**WHAT YOU NEED TO DO**.
From first line to last, print the records exactly, but leave out the pictures.

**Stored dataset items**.
Segment Open
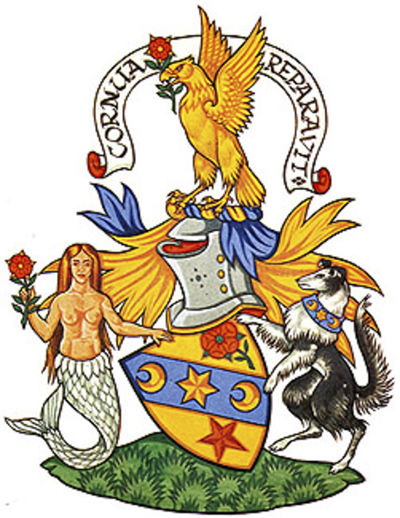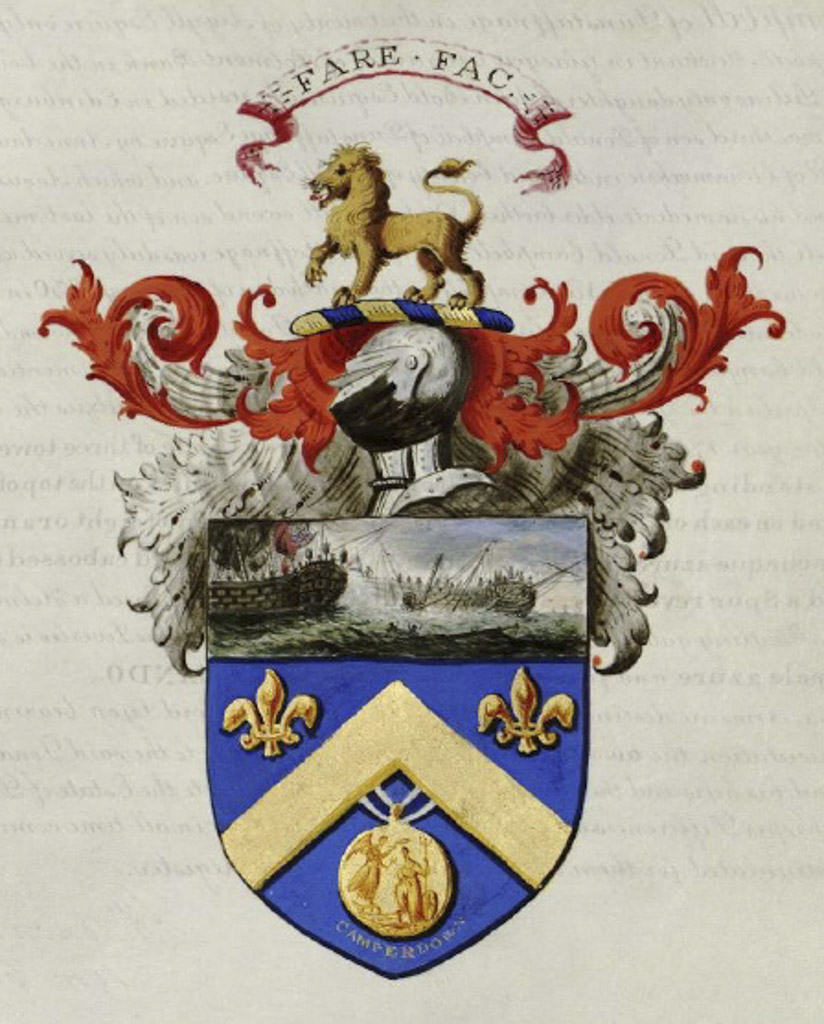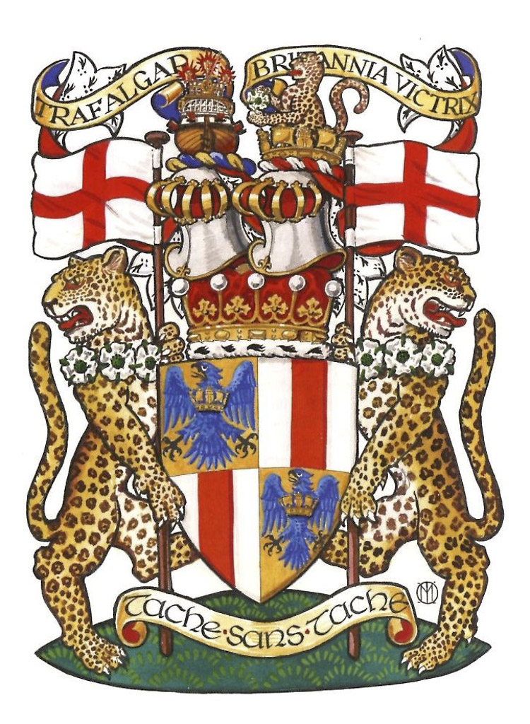 Arms: Vert a fess dancetty Ermine between a stag’s head cabossed in chief and two escallops in base Or; on a chief wavy Ermine the Trafalgar medal Or, pendant by a ribbom Azure, Argent, Azure, between wreaths of cypress and laurel with the word “Trafalgar” under the medal.
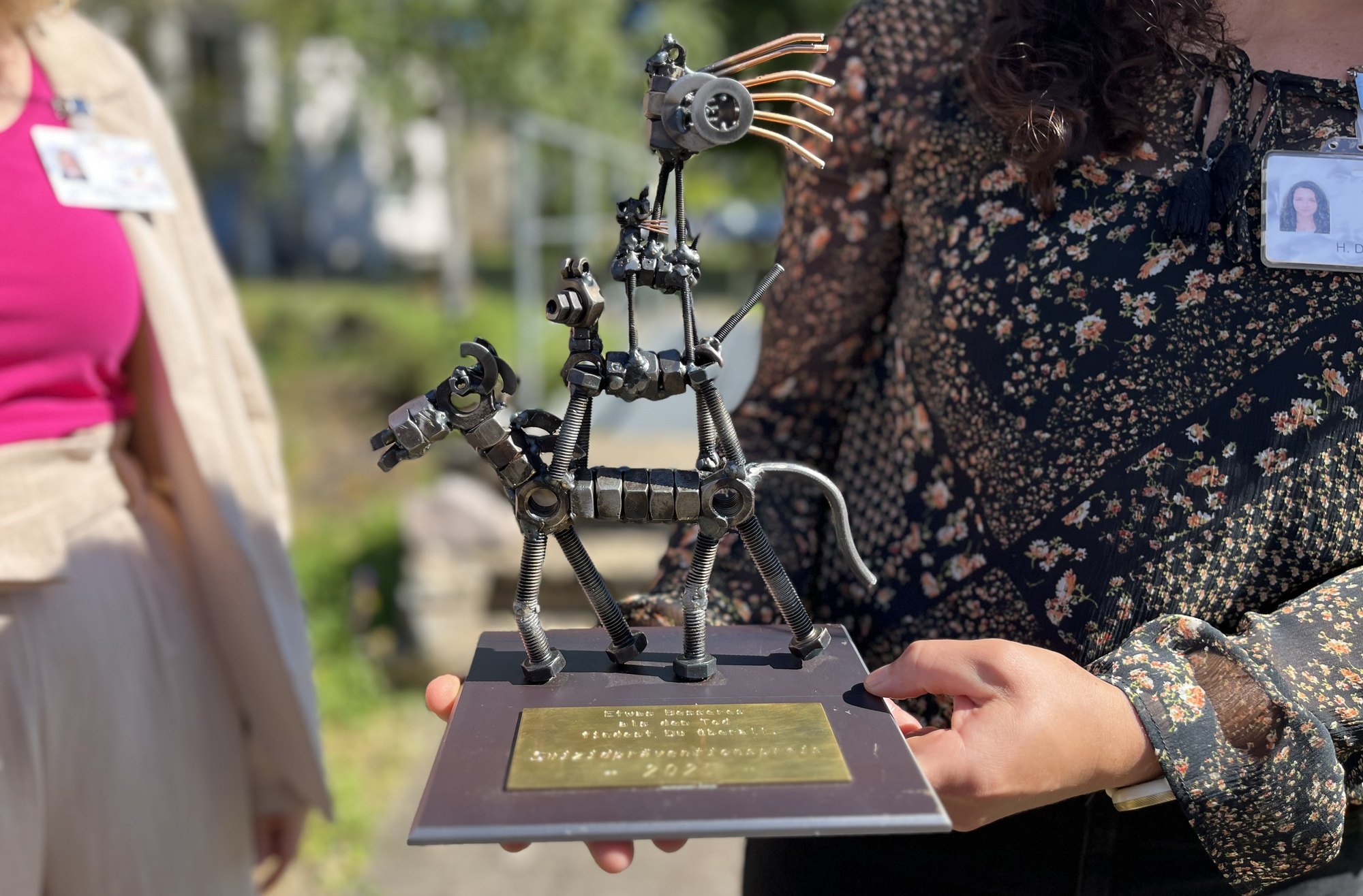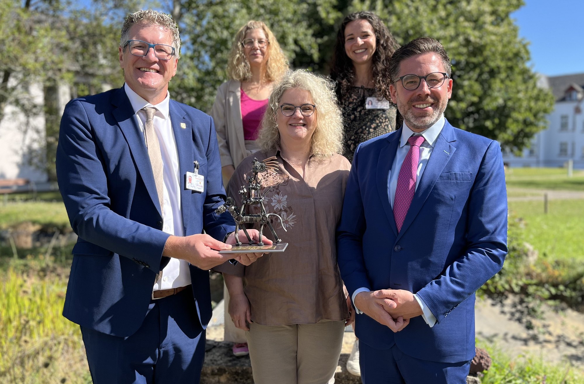 Minister Fernis gratulierte den Bediensteten der Anstalt und würdigte deren Engagement: „Die Mitarbeiterinnen und Mitarbeiter unseres Justizvollzugs beeindrucken mich immer wieder mit kreativen und zukunftsorientierten Projekten und Ideen. Ich freue mich daher ganz besonders, dass Sie hier in Wittlich heute einen ganz besonderen Preis entgegennehmen dürfen. Damit wird Ihr großer Einsatz im Bereich der Suizidprävention gewürdigt. Dass es sich um eine Skulptur der Bremer Stadtmusikanten handelt, finde ich besonders passend. Denn Ihr Erfolg bei der Suizidprävention ist nur dank des hier herrschenden Teamgeistes möglich. Unter Einbindung aller Berufsbereiche haben Sie ein auf die speziellen Bedürfnisse und Herausforderungen zugeschnittenes Konzept erarbeitet, bei dem zahlreiche verschiedene Bausteine des Umgangs mit Gefangenen miteinander verzahnt werden. Für den Einsatz aller Beteiligten möchte ich mich ganz ausdrücklich bedanken. Sie leisten einen besonderen Beitrag für die Gesellschaft und können auf Ihre heutige Auszeichnung stolz sein!“
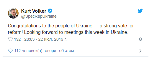 "Поздравления народу Украины – сильный голос за реформы! Ждем встреч на этой неделе в Украине", – написал Волкер на своей странице в Twitter.
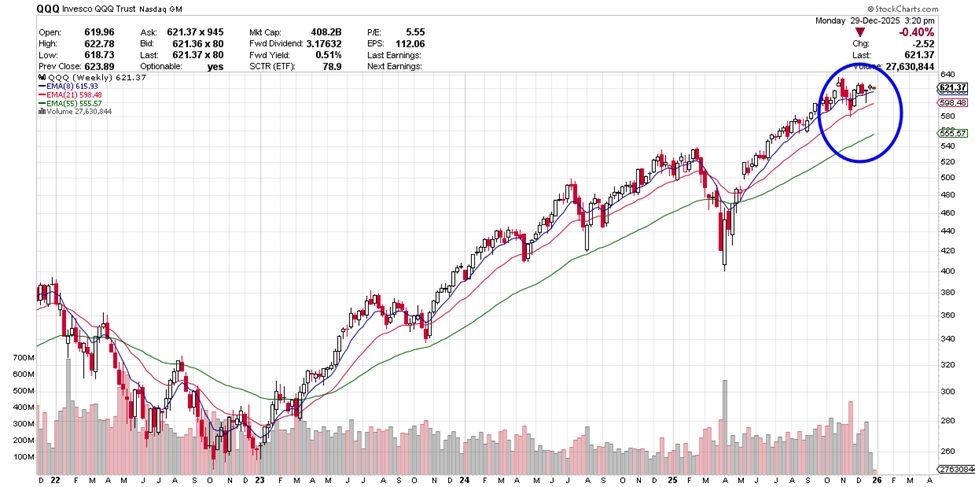 The next step for me is to look at a chart of QQQ that includes Fibonacci Exponential Moving Averages (EMA). This is an indicator that appears on the chart in colored lines and gives us a sense of the strength and direction of the current price movement. To learn more about EMAs, click here.
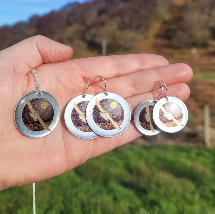 Aluminium and Sterling Silver earrings, approximately 25mm in diameter. The disc is made from aluminium and has had a print of an original artwork by Hannah MacIver transferred on to it, and then sealed in UV resin. Sterling silver ear hooks.
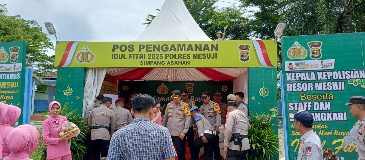 Kapolres Mesuji bersama Ketua Bhayangkari Cabang Mesuji dan Pengurus serta Para PJU memberikan bingkisan kepada Personel Pos PAM Simpang Asahan. Jumat (28/03/25)
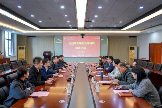 10月28日,浙江天宇药业股份有限公司总裁助理兼总裁办主任吴春亮、质量控制总工汪秀林等人来访公司。药公司党委书记范素文、党委副书记孟祥康、副经理柯学参加会议。双方围绕人才培养、科技创新、校企合作等议题展开深入交流,共谋发展新篇章。
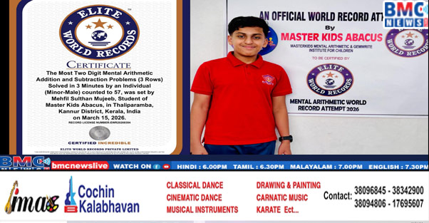 മാനസിക ഗണിതത്തിൽ (Mental Arithmetic) വിസ്മയിപ്പിക്കുന്ന പ്രകടനവുമായി പേരാമ്പ്ര ചെറുവണ്ണൂർ സ്വദേശി മെഹ്ഫിൽ മുജീബ് ലോകറെക്കോർഡ് പട്ടികയിൽ ഇടംപിടിച്ചു. എലൈറ്റ് വേൾഡ് റെക്കോർഡ്സ് (Elite World Records) സംഘടിപ്പിച്ച മത്സരത്തിലാണ് ഈ അപൂർവ്വ നേട്ടം കൈവരിച്ചത്.രണ്ട് അക്കങ്ങൾ വീതമുള്ള സങ്കലന-വ്യകലന (Addition and Subtraction) കണക്കുകൾ അതിവേഗത്തിൽ പരിഹരിച്ചാണ് മെഹ്ഫിൽ റെക്കോർഡ് കുറിച്ചത്. മൂന്ന് വരികളിലായുള്ള 57 സങ്കലന-വ്യകലന (Addition and Subtraction) പ്രശ്നങ്ങൾ വെറും മൂന്ന് മിനിറ്റിനുള്ളിൽ കൃത്യമായി പരിഹരിച്ചാണ് ഈ കൊച്ചു മിടുക്കൻ വിധികർത്താക്കളെ അമ്പരപ്പിച്ചത്. 2026 മാർച്ച് 15-നായിരുന്നു ഈ ചരിത്ര നേട്ടം.ബഹ്റൈൻ പ്രവാസിയായ മുജീബിന്റെയും മുഫീദ മുജീബിന്റെയും മൂത്ത മകനാണ് മെഹ്ഫിൽ. ബഹ്റൈൻ ഇന്ത്യൻ സ്കൂളിലെ ഏഴാം ക്ലാസ് വിദ്യാർത്ഥിയായ മെഹ്ഫിൽ, തളിപ്പറമ്പ് ‘മാസ്റ്റർ കിഡ്സ് അബാക്കസി’ലെ (Master Kids Abacus) വിദ്യാർത്ഥികൂടിയാണ്. സിന്ധു ടീച്ചർ, നാരായണൻകുട്ടി സർ, സജിത ടീച്ചർ എന്നിവരുടെ മികച്ച പരിശീലനമാണ് മെഹ്ഫിലിനെ ഈ ഉജ്ജ്വല നേട്ടത്തിലേക്ക് നയിച്ചത്. മുഫ്ലിഹ് സമാൻ മുജീബ് സഹോദരനാണ്.അഭിമാനകരമായ ഈ നേട്ടത്തെ തുടർന്ന് മെഹ്ഫിലിന് ബഹ്റൈനിലെ പ്രവാസി സമൂഹത്തിൽ നിന്നും നാട്ടിൽ നിന്നും അഭിനന്ദന പ്രവാഹമാണ് ലഭിച്ചുകൊണ്ടിരിക്കുന്നത്.
Segment Closed
**EXERCISE ANSWER**.
 Arms: Vert a fess dancetty Ermine between a stag’s head cabossed in chief and two escallops in base Or; on a chief wavy Ermine the Trafalgar medal Or, pendant by a ribbom Azure, Argent, Azure, between wreaths of cypress and laurel with the word “Trafalgar” under the medal.
 Minister Fernis gratulierte den Bediensteten der Anstalt und würdigte deren Engagement: „Die Mitarbeiterinnen und Mitarbeiter unseres Justizvollzugs beeindrucken mich immer wieder mit kreativen und zukunftsorientierten Projekten und Ideen. Ich freue mich daher ganz besonders, dass Sie hier in Wittlich heute einen ganz besonderen Preis entgegennehmen dürfen. Damit wird Ihr großer Einsatz im Bereich der Suizidprävention gewürdigt. Dass es sich um eine Skulptur der Bremer Stadtmusikanten handelt, finde ich besonders passend. Denn Ihr Erfolg bei der Suizidprävention ist nur dank des hier herrschenden Teamgeistes möglich. Unter Einbindung aller Berufsbereiche haben Sie ein auf die speziellen Bedürfnisse und Herausforderungen zugeschnittenes Konzept erarbeitet, bei dem zahlreiche verschiedene Bausteine des Umgangs mit Gefangenen miteinander verzahnt werden. Für den Einsatz aller Beteiligten möchte ich mich ganz ausdrücklich bedanken. Sie leisten einen besonderen Beitrag für die Gesellschaft und können auf Ihre heutige Auszeichnung stolz sein!“
 "Поздравления народу Украины – сильный голос за реформы! Ждем встреч на этой неделе в Украине", – написал Волкер на своей странице в Twitter.
 The next step for me is to look at a chart of QQQ that includes Fibonacci Exponential Moving Averages (EMA). This is an indicator that appears on the chart in colored lines and gives us a sense of the strength and direction of the current price movement. To learn more about EMAs, click here.
 Aluminium and Sterling Silver earrings, approximately 25mm in diameter. The disc is made from aluminium and has had a print of an original artwork by Hannah MacIver transferred on to it, and then sealed in UV resin. Sterling silver ear hooks.
 Kapolres Mesuji bersama Ketua Bhayangkari Cabang Mesuji dan Pengurus serta Para PJU memberikan bingkisan kepada Personel Pos PAM Simpang Asahan. Jumat (28/03/25)
 10月28日,浙江天宇药业股份有限公司总裁助理兼总裁办主任吴春亮、质量控制总工汪秀林等人来访公司。药公司党委书记范素文、党委副书记孟祥康、副经理柯学参加会议。双方围绕人才培养、科技创新、校企合作等议题展开深入交流,共谋发展新篇章。
 മാനസിക ഗണിതത്തിൽ (Mental Arithmetic) വിസ്മയിപ്പിക്കുന്ന പ്രകടനവുമായി പേരാമ്പ്ര ചെറുവണ്ണൂർ സ്വദേശി മെഹ്ഫിൽ മുജീബ് ലോകറെക്കോർഡ് പട്ടികയിൽ ഇടംപിടിച്ചു. എലൈറ്റ് വേൾഡ് റെക്കോർഡ്സ് (Elite World Records) സംഘടിപ്പിച്ച മത്സരത്തിലാണ് ഈ അപൂർവ്വ നേട്ടം കൈവരിച്ചത്.രണ്ട് അക്കങ്ങൾ വീതമുള്ള സങ്കലന-വ്യകലന (Addition and Subtraction) കണക്കുകൾ അതിവേഗത്തിൽ പരിഹരിച്ചാണ് മെഹ്ഫിൽ റെക്കോർഡ് കുറിച്ചത്. മൂന്ന് വരികളിലായുള്ള 57 സങ്കലന-വ്യകലന (Addition and Subtraction) പ്രശ്നങ്ങൾ വെറും മൂന്ന് മിനിറ്റിനുള്ളിൽ കൃത്യമായി പരിഹരിച്ചാണ് ഈ കൊച്ചു മിടുക്കൻ വിധികർത്താക്കളെ അമ്പരപ്പിച്ചത്. 2026 മാർച്ച് 15-നായിരുന്നു ഈ ചരിത്ര നേട്ടം.ബഹ്റൈൻ പ്രവാസിയായ മുജീബിന്റെയും മുഫീദ മുജീബിന്റെയും മൂത്ത മകനാണ് മെഹ്ഫിൽ. ബഹ്റൈൻ ഇന്ത്യൻ സ്കൂളിലെ ഏഴാം ക്ലാസ് വിദ്യാർത്ഥിയായ മെഹ്ഫിൽ, തളിപ്പറമ്പ് ‘മാസ്റ്റർ കിഡ്സ് അബാക്കസി’ലെ (Master Kids Abacus) വിദ്യാർത്ഥികൂടിയാണ്. സിന്ധു ടീച്ചർ, നാരായണൻകുട്ടി സർ, സജിത ടീച്ചർ എന്നിവരുടെ മികച്ച പരിശീലനമാണ് മെഹ്ഫിലിനെ ഈ ഉജ്ജ്വല നേട്ടത്തിലേക്ക് നയിച്ചത്. മുഫ്ലിഹ് സമാൻ മുജീബ് സഹോദരനാണ്.അഭിമാനകരമായ ഈ നേട്ടത്തെ തുടർന്ന് മെഹ്ഫിലിന് ബഹ്റൈനിലെ പ്രവാസി സമൂഹത്തിൽ നിന്നും നാട്ടിൽ നിന്നും അഭിനന്ദന പ്രവാഹമാണ് ലഭിച്ചുകൊണ്ടിരിക്കുന്നത്.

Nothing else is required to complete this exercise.